Monday, November 5, 2012

Martin Feldstein's Thoughts on the Euro

I've been a reader of Martin Feldstein's research since my graduate student days, when I recall a paper about an optimal two-part tariff, among others.  Over the years, he has produced lots of clear-headed thinking on economic policy as well.

In a recent Guardian blog, he talks about the economic benefits of a 20-25% devaluation of the euro on the competitiveness and trade balances of zombie and near-zombie states.

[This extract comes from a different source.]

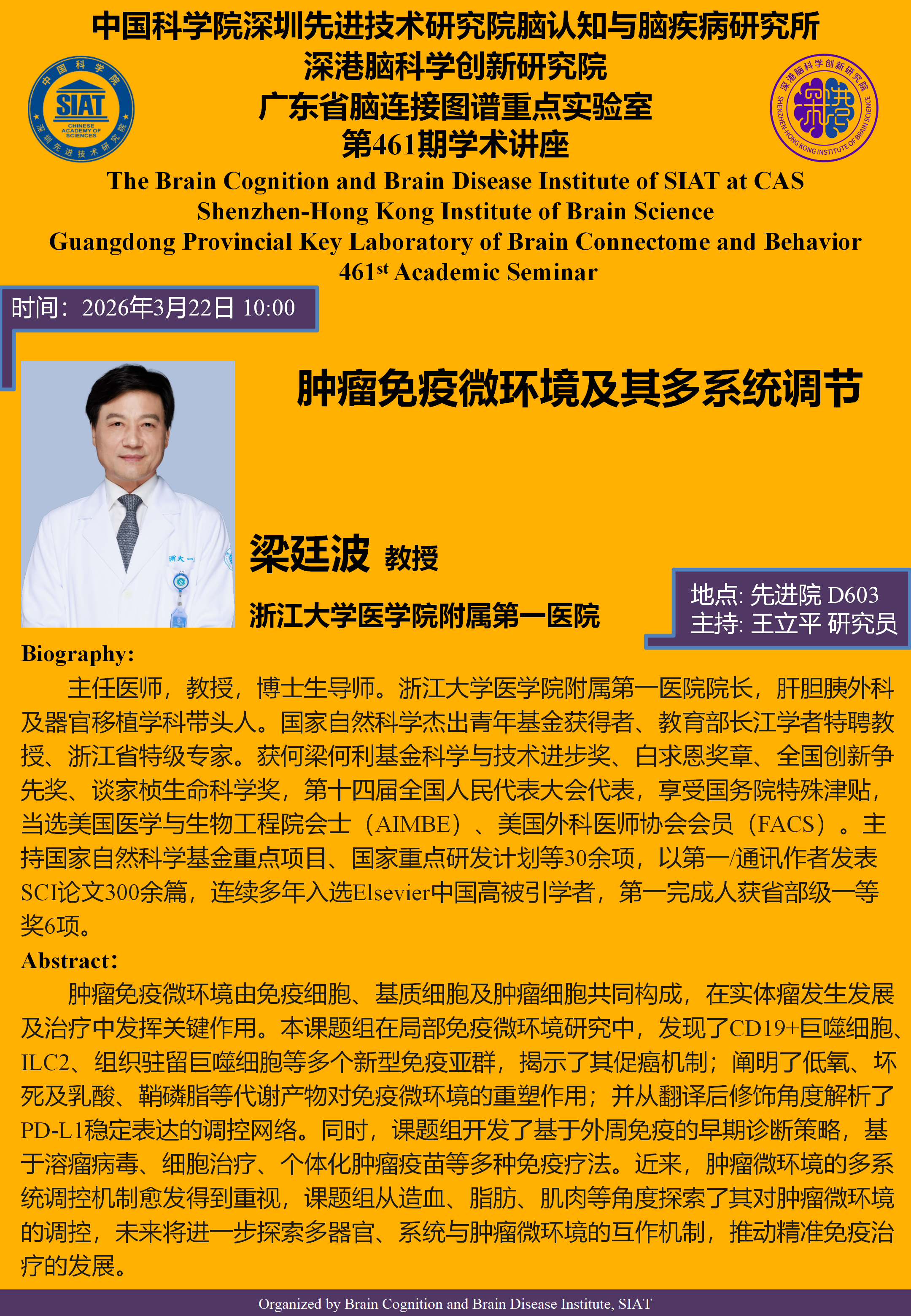 大家好!脑所/深港脑院将于3月22日(星期日) 10:00,地点:先进院D603会议室 举办第461期学术讲座。本次讲座邀请到浙江大学医学院附属第一医院 梁廷波教授,带来题为“肿瘤免疫微环境及其多系统调节”的报告。

We've talked for more than two years about the structural incongruities among the EU members which always threatened the stability of a currency union, and Feldstein recognizes this too when he writes,
"Moreover, even under this optimistic scenario, the problem of the current account deficits of Italy, Spain, and the other peripheral countries will remain. Differences among the eurozone countries in growth rates of productivity and wages will continue to cause disparities in international competitiveness, resulting in trade and current account imbalances. Germany now has a current account surplus of about $215bn (£176bn) a year, while the rest of the eurozone is running a current-account deficit of about $140bn."
Feldstein notes that the euro should have devalued significantly already, thereby precipitating a sort of normalized adjustment process.  However, the ECB unlimited guarantee to buy Spanish and Italian debt has perpetuated the crisis by keeping the euro high to support markets.

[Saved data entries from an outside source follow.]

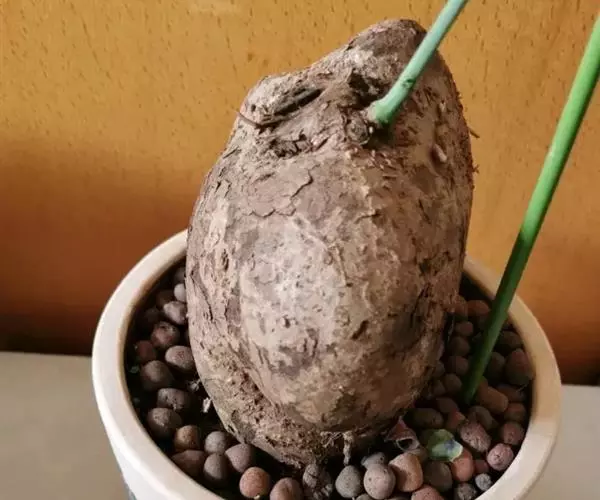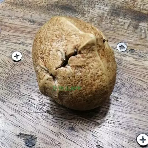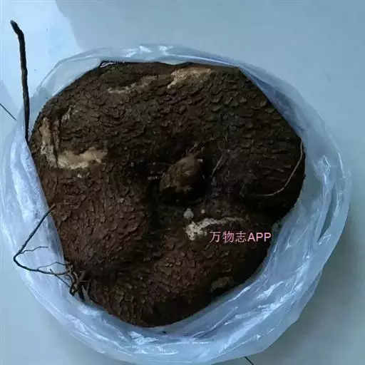 药材性状:块根略呈扁球形或球形,直径6-13cm,顶端微凹陷,残留茎基直径5-7cm。表面深棕色,粗糙,有纵向突起的皮孔,长1-3mm。商品多为类圆形的横切块片,直径3-7cm,厚2-5mm,略卷曲,切面可见维管束(三生构造)排列成3-4个同心环。气微,味苦。
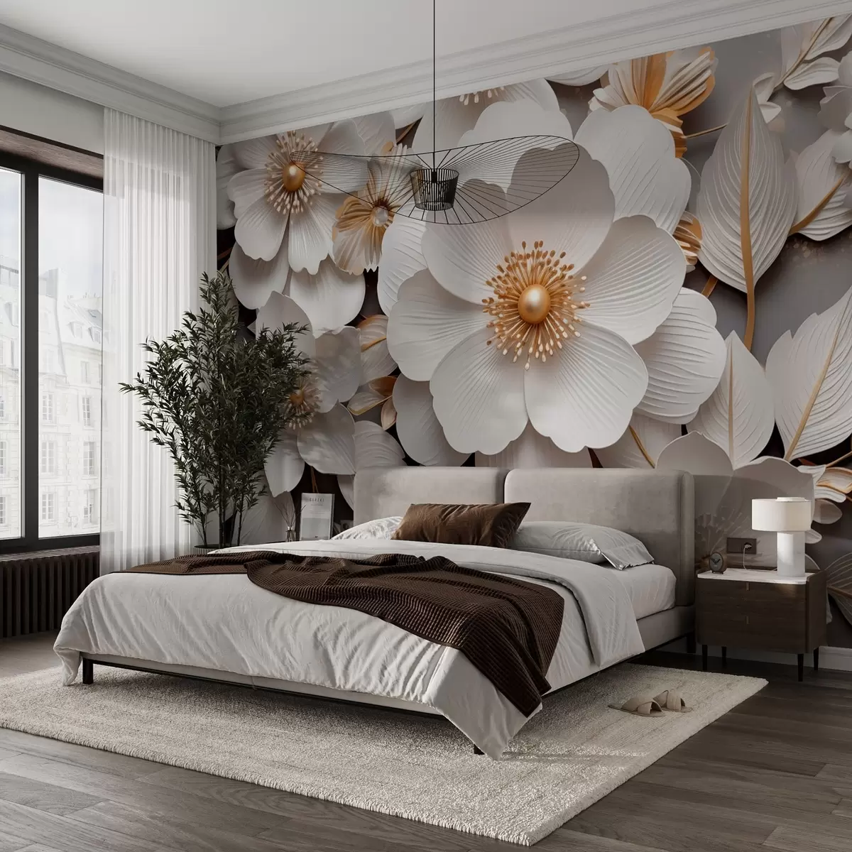 Murais de parede flores 3D em estilo origami em tons de amarelo-cinzento Nr. w08993
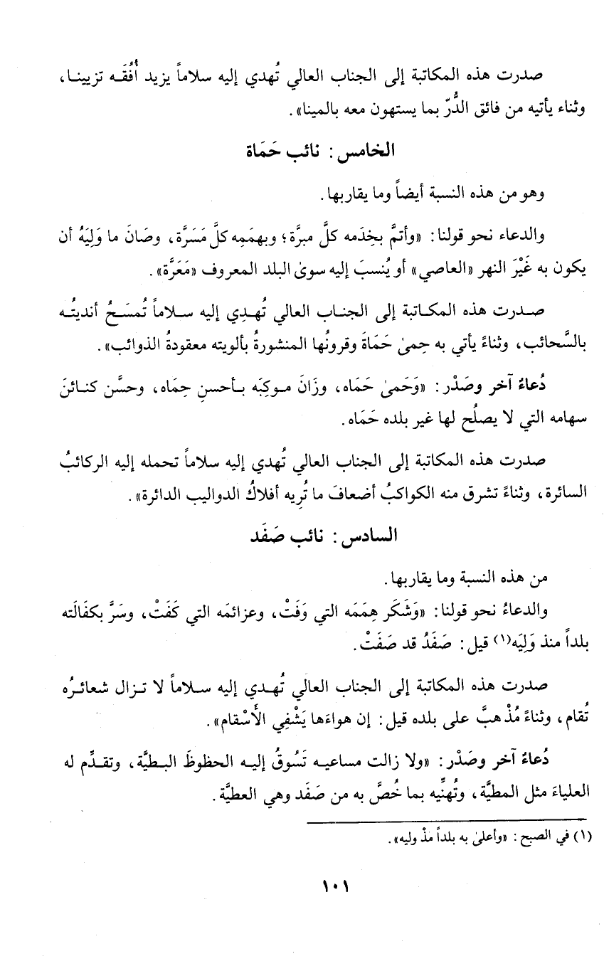 والدعاء نحو قولنا: (وأتم بخدمه كل مبرة؛ وبهممه كل مسرة، وصان ما وليه أن يكون به غير النهر (العاصي) أو ينسب إليه سوى البلد المعروف (معرة).
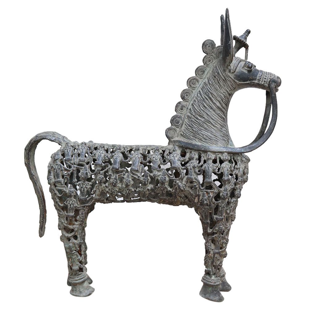 The magnificent brass work creation stands out for its elaborate craftsmanship and attention to detail. The talented artisan's artistic vision is on display through the combination of several deities combining to create the shape of a horse. Other representation of the Horse animal, as well as the other Gods forming the body, add a touch of religious significance and mysticism to this brass masterpiece.
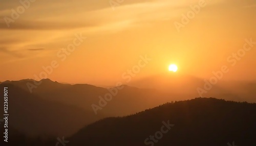 Fototapeta premium Golden Sunset Over Silhouetted Mountain Ranges
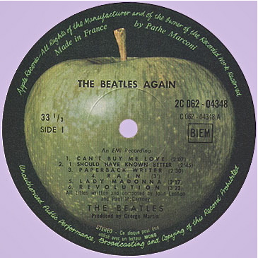 Next is a French Apple pressing of the 1970 Beatle compilation release, “The Beatles Again” (or in some markets known as “Hey Jude”). The rear cover and labels for this one are unique to France with their prominent references to the disc manufacturer Pathe Marconi:
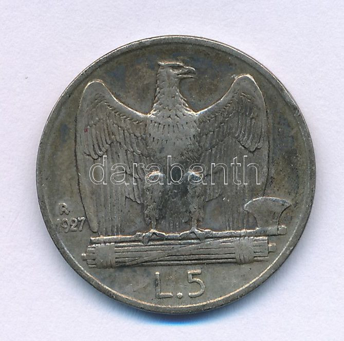 https://www.darabanth.com/en/512-Online-auction/512.0/Numismatics/Worldwide-silver-and-metal-coins~243/Olaszorszag-1927R-5L-Ag-3Cem3EIII-Viktor-Emanuel3Cem3E-TXF-VF-patina3Cbr-3E-Italy-1927R-5-Lire-Ag~II3407342
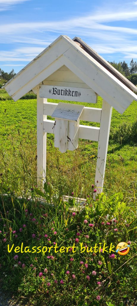 På veien syklet vi forbi Frøyas antatt minste butikk! Til informasjon; det er kun plass til en, helst litt småvokst kunde om gangen 🤣

Occasionally, the idea of Germany leaving the euro is put forward.  These writers argue that legally and administratively, it wouldn't be that difficult, since only contracts inside Germany would have to be redenominated into the German currency.  Everything else would remain in euros, although they would take a  
haircut according to where the devalued euro settled.  This is an intriguing idea, but it might not work either.

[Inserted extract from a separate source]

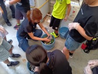 次は藍染め体験。学校で、ビー玉や割りばし、輪ゴムなどを使って絞ったTシャツに藍染...
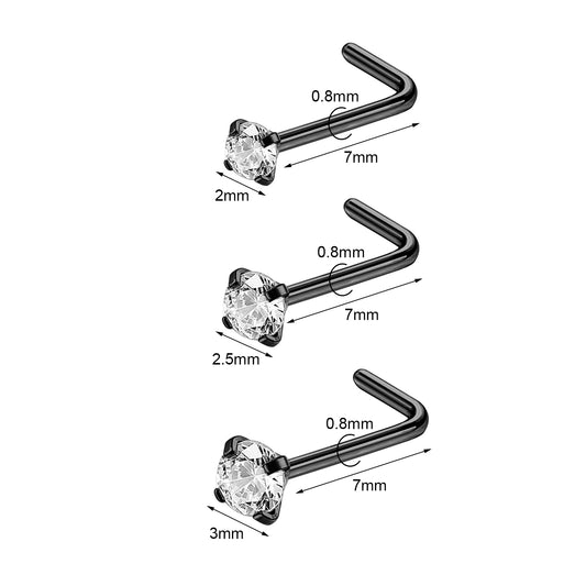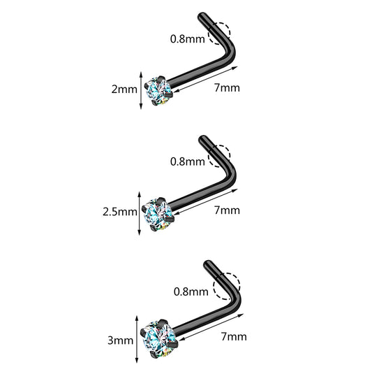 6 Pcs/Set 20G AB White Crystal Nose Stud Piercing L-Shape Nose Ring Black Nostril Piercing

Who would be the "paymaster" of the smaller euro currency union?  France?  They would hardly want to accept this position, and they couldn't really handle it either. Italy?  Those who favor Germany leaving the euro suggest that the smaller euro currency area would be more likely to move to fiscal union.  I hardly think so.  The same issues remain, and the two biggest economies in the union would have their bluff called about giving up economic sovereignty over their budgets.  Interesting thoughts, but they hardly seem politically or economically feasible either.